Fun fact, most companies don't have 1 Billion customers. Most don't even have 1000. They can have large data due to the subjects they may work on but that data tends to be accessed sparsely(i.e. a SaaS that provides KYC products to 10 regional banks).
Google, Netflix and the few other exceptions probably should stick with the traditional stuff for now but there's a huge number of companies that just don't need those hugely scalable systems and sacrifice flexibility and/or spend resources on problems they don't have.
Central sever architecture is dominate because it’s easy. I can buy an IP address within a a data center and it will be routable. The lack of IPv4 addresses made giving every client on the internet an unique IP cost prohibitive for ISPs so we created NAT. The majority of clients who only connect to hosts are behind at least one NAT making them very difficult to address uniquely. The client must initiate a connection for an entry in NAT table to be added and allow for outside entry into the network. Further, more devices are mobile or on very dynamic IP systems that cause them to hop among many different IP address throughout the day or even hour. Trying to establish a connection to devices that have no static IP address is a problem that has no real elegant solutions but always defers to some known authority - the central server.
If we were to solve, once and for all, this ad-hoc, client-client connection system, P2P communication does require trust that many applications simply cannot tolerate. Game servers exist to validate client input, register actions, and distribute them to the players in the game, banking apps verify you are who you are and allow the movement or viewing of money, etc.
I don’t see a future where we fully leave the world of central servers behind but I do see one where we value P2P more and create public routing systems that enable this more freely.
The network architecture is a valid concern but IPv6 is a thing and AFAIK it solves a lot of the problems. With the scarcity of IPv4 addresses, and the ubiquity of the connected devices the push appears to be finally here as hosting providers are ramping up the costs for IPv4.
Besides, even if the client-server architecture is to remain, I expect to see significant simplifications on the algorithm deployments. By that, I mean server apps becoming easy to run and manage as WhatsApp on iPhone.
No more complexities related on running python and all its libraries on Linux on some datacenter. Instead, it should be possible to have an app that just runs and takes care of some high level code that is possibly generated by AI.
For example, maybe in near future we will be able to tell some LLM to create an app that does something useful for us(i.e. track orders on Shopyfy and send personalised questionnaire about the delivery) and deploy it to anywhere(own server at home, Amazon, DO etc.) and never think about the complexities of deployment and only deal with the value added part of the process.

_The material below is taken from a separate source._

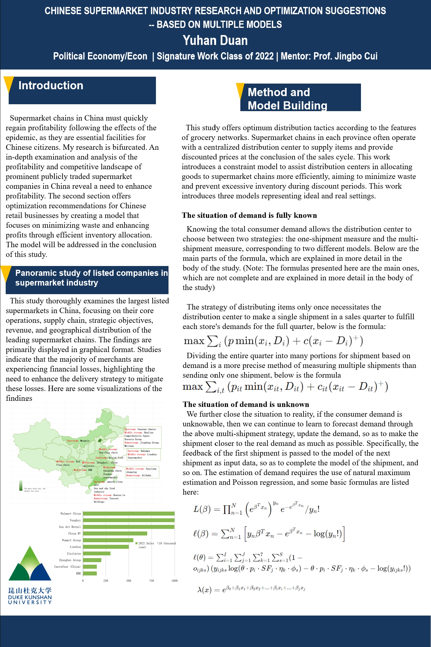 The recent coronavirus outbreak has significantly impacted China’s grocery industry, leading to substantial financial losses for many major supermarket companies. Given this challenge, it is crucial to optimize the warehouse distribution technique. This paper provides a comprehensive analysis of China’s supermarket industry, with a specific focus on the listed firms. It examines the primary business distribution, competitiveness, and operating performance of each listed company. The majority of grocery companies listed are experiencing losses or declining profits. This article offers recommendations for the warehouse center distribution strategy of Chinese grocery enterprises listed on the stock market through the development of a model. This work develops a multi-constraint model ranging from simple to complicated under the assumption that demand is unpredictable. It explores both single shipment and multiple shipment strategies, using maximum likelihood estimation and standard Poisson regression to predict demand. This paper’s research provides guidance for optimizing the management of listed grocery chains in China.

I’m instantly skeptical about any web tech that promotes performance, scalability, or cloud cost optimization. Those are absolutely not the pain points for 99% of developers.
I agree. My team has been building systems integrations for years, and it's figuring out what the customers want, and dealing with bad, inconsistent data accumulated over decades that makes life hard. Moving these boring microservices that handle this data from on-prem to the cloud wouldn't solve any of our problems. Most of our customer-facing services also run with on-prem VM instances just fine.